# Finally got a new van



## futz (Sep 17, 2009)

My tired old 1995 Ford E250 Econoline is being retired. I've had it since new. It was getting pretty shaky.

So I stumbled on a 2006 GMC Savana diesel with right around 100K on the clock that one of my GC's was wanting to sell, as he was upgrading to a new Sprinter. Got it for a very good price. New tires. Seems like a good solid van so far. Lots of power. Only thing I don't like is the Chevy's cramped cab and crappy mirrors. I've been driving Fords for over 20 years and they know how to make a roomy cab with superb mirrors. Oh well... I'll get used to it.


----------



## Letterrip (Jul 28, 2013)

Turning radius is immensely better on the GMC. At least on the gas version. And get some glue on blind spot mirrors.


----------



## Will (Jun 6, 2010)

Very Nice


----------



## wyrickmech (Mar 16, 2013)

You will be happy with the trade offs ford is tuff but gm is easer on the driver in many ways.


----------



## Tommy plumber (Feb 19, 2010)

New van! Woohoo, congratulations.


----------



## KoleckeINC (Oct 22, 2011)

Nice wheels!


----------



## futz (Sep 17, 2009)

Letterrip said:


> Turning radius is immensely better on the GMC. At least on the gas version. And get some glue on blind spot mirrors.
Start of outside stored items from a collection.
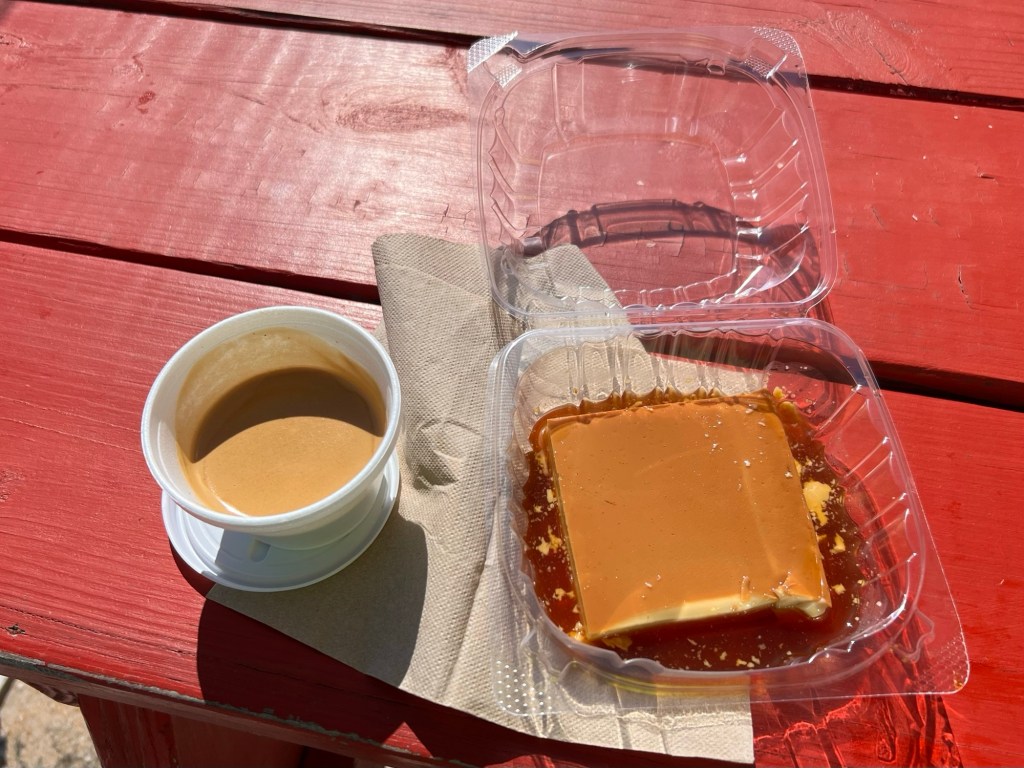 … for desert, which turned out to be a flan—a mega-flan! That would serve a family of four… note: caffeine overdose.
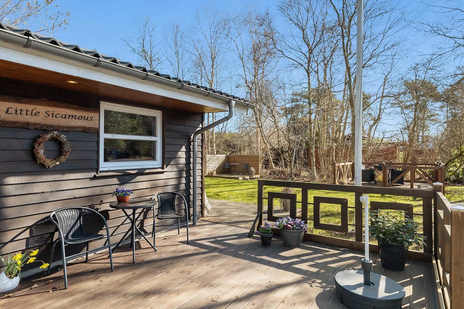 Diese Unterkunft hat eine Fläche von 110 m² und befindet sich auf einem 1.299 m² Grundstück, u.a. mit Schaukel und Sandkasten.
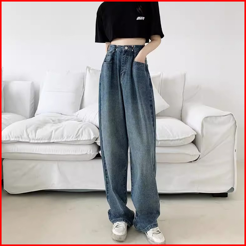 Highwaist Celana Jeans Wanita Terbaru Celana Panjang Jeans Korean Style Fashion Loose Pants
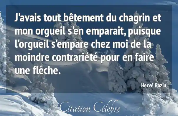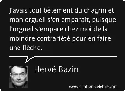 J'avais tout bêtement du chagrin et mon orgueil s'en emparait, puisque l'orgueil s'empare chez moi de la moindre contrariété pour en faire une flèche.

Yes, I noticed the tighter turning radius immediately. Nice for maneuvering in tight jobsites.  Previous owner already added some convex mirrors, which help immensely. He pulled a big construction trailer in the city with it, so had to do something.

It has (I think) factory tinted windows - way too dark! That doesn't help at all with the mirror thing, unfortunately. Makes driving here on the wet coast, especially in constantly rainy winter, somewhat difficult.


----------



## Liv (Mar 17, 2014)

I have the same one. But there must be something about it because its the oldest van in the fleet yet some of my lifers like it the most...hence the reason I still have it... 

It was our 1st rig.


----------



## Keithplumbing (Mar 24, 2014)

Looks like a great van! Must be spacious to fit bathroom units in!


----------



## futz (Sep 17, 2009)

Keithplumbing said:


> Looks like a great van! Must be spacious to fit bathroom units in!


Same size as the last one. 

Lately my GCs are buying almost all their own plumbing fixtures. It's just a bunch of big box DIY crap. I just shrug and install it. Some of it's not so bad. If they want cheap then that's what they shall have. I don't care anymore. So I don't have to carry many tubs, showers, toilets or sinks anymore. But still need the room for rough-in pipe and fittings.


----------